Certificate error when trying to use Software Update Server

I'm going to assume this is a network configured in one of the three private address ranges and using network address translation at the edge of your network. If so, have you set up local DNS services on your local network? If you haven't, then you'll want start there. I wouldn't expect to see a .local domain name used for software update services, or most other server-oriented activities. The .local top-level domain is reserved for what's variously called multicast DNS or mDNS or Bonjour or ZeroConf. That's commonly used for performing network name lookups, and particularly when there's no server and no DNS server present.

OS X Server really wants working DNS, and that's not .local for this use. That DNS might be served from a Windows Server, or from the OS X Server itself, or some other DNS server on the local network. Remote and public and ISP DNS will not work when a NAT'd network and a private address space is in use — the public or ISP DNS will not return translations for local (private) networks.

Making this more complex, more than a few Windows Server configurations have been misconfigured to use .local as the top-level domain, and that tends to cause problems as systems are supposed to query the mDNS and not the DNS services, which means your queries might not work the way you expect.

If DNS isn't right, the rest of the stack will have problems — that includes Software Update Services, as well as certificates.

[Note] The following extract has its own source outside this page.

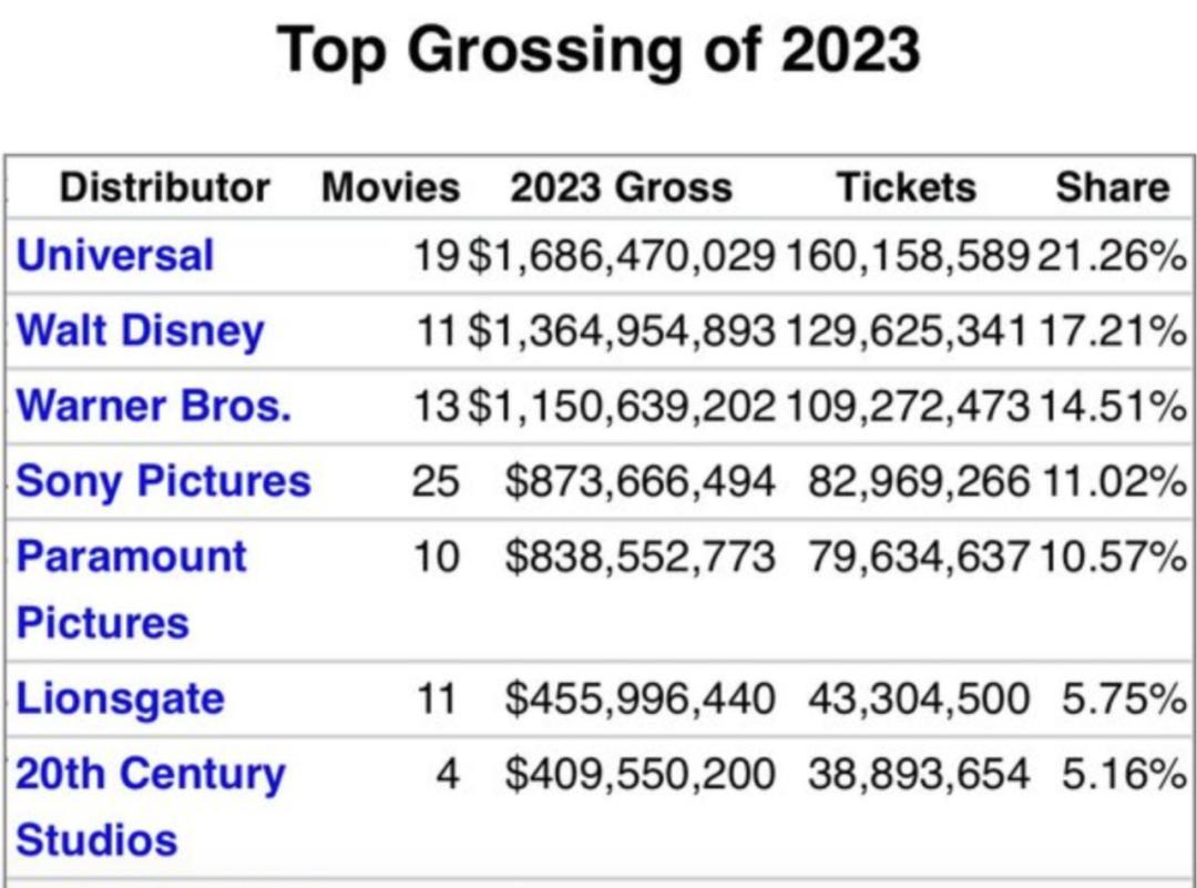 (2023年好莱坞各大厂牌票房排名)
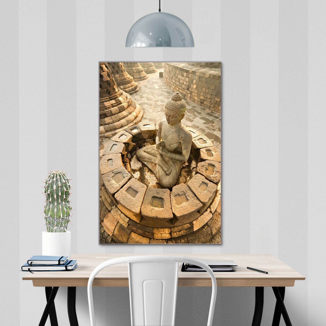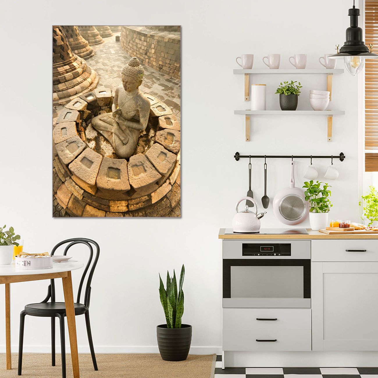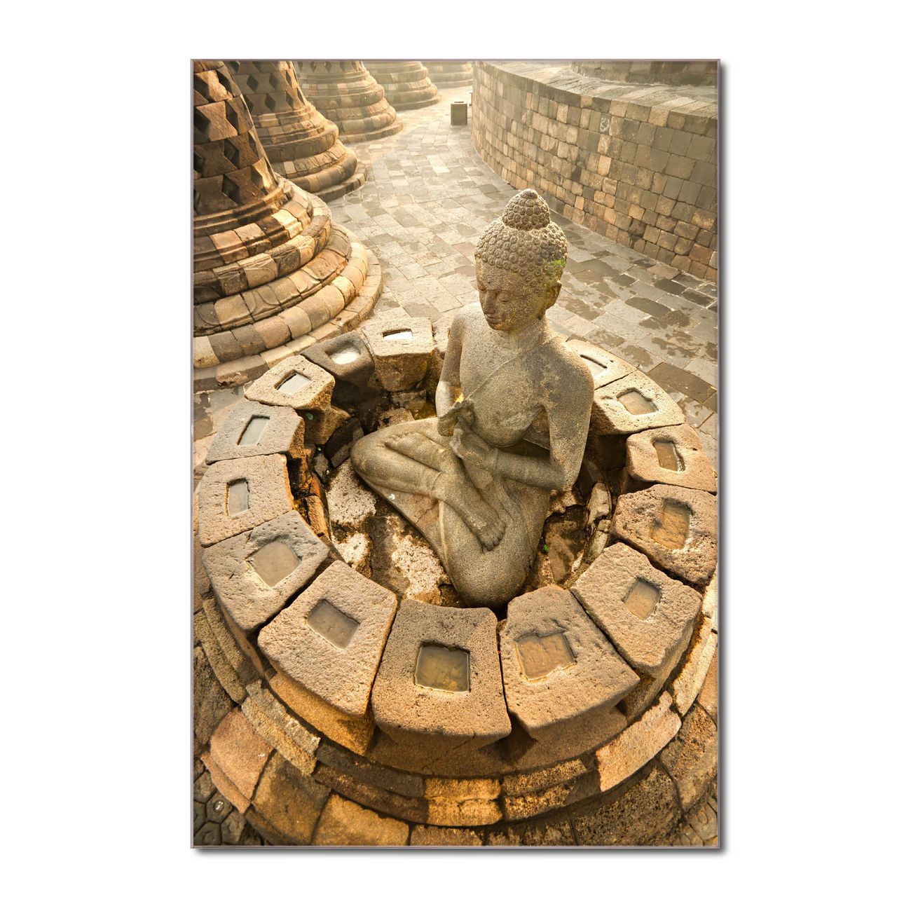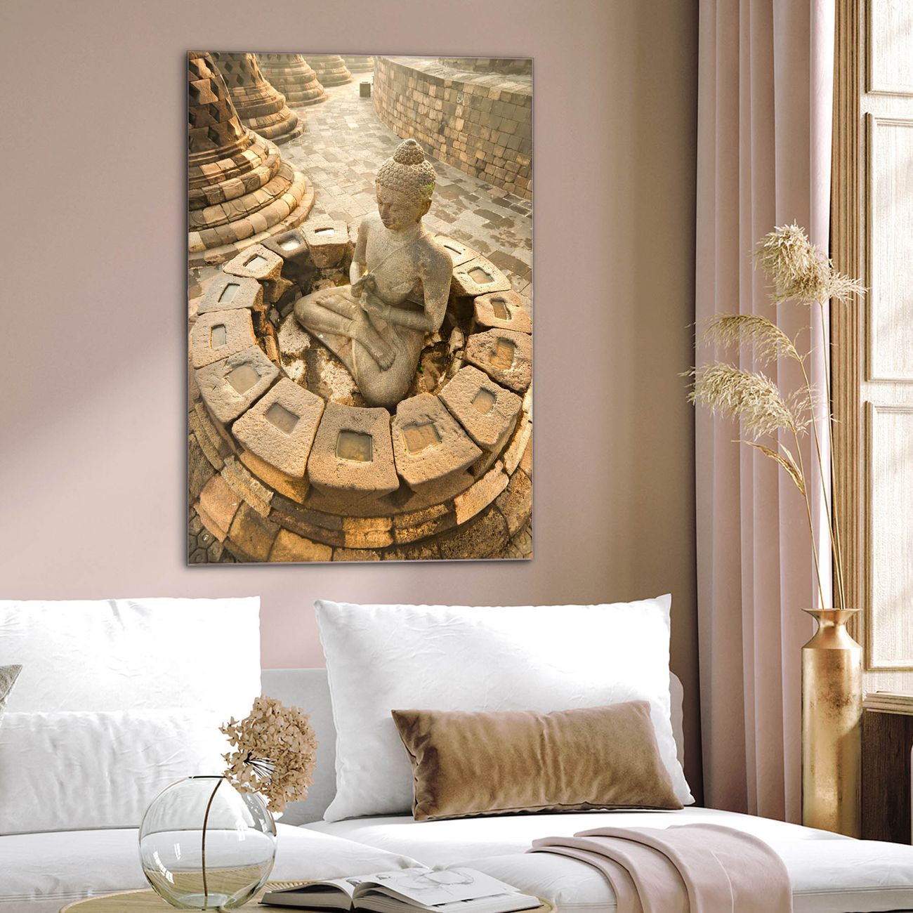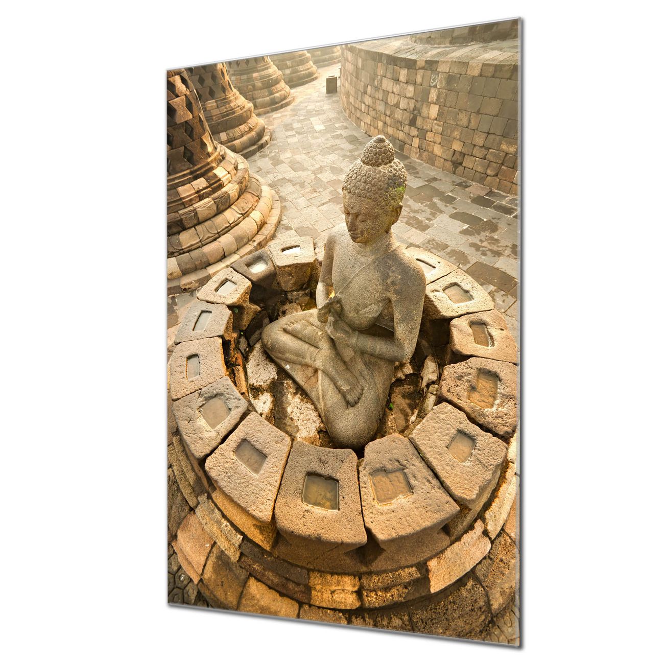 Brillantes Glasbild im Hochformat Sitzender Buddha

Certificates are dependent on having functioning DNS services.

To verify your local DNS configuration, launch Terminal.app from Applications > Utilities and issue the following harmless diagnostic command:

sudo changeip -checkhostname

You'll have to enter an administrative password for the sudo, might then see a one-time message about the use of sudo, and will then usually see some network details, and an indication that no changes are required, or that there are network or DNS errors.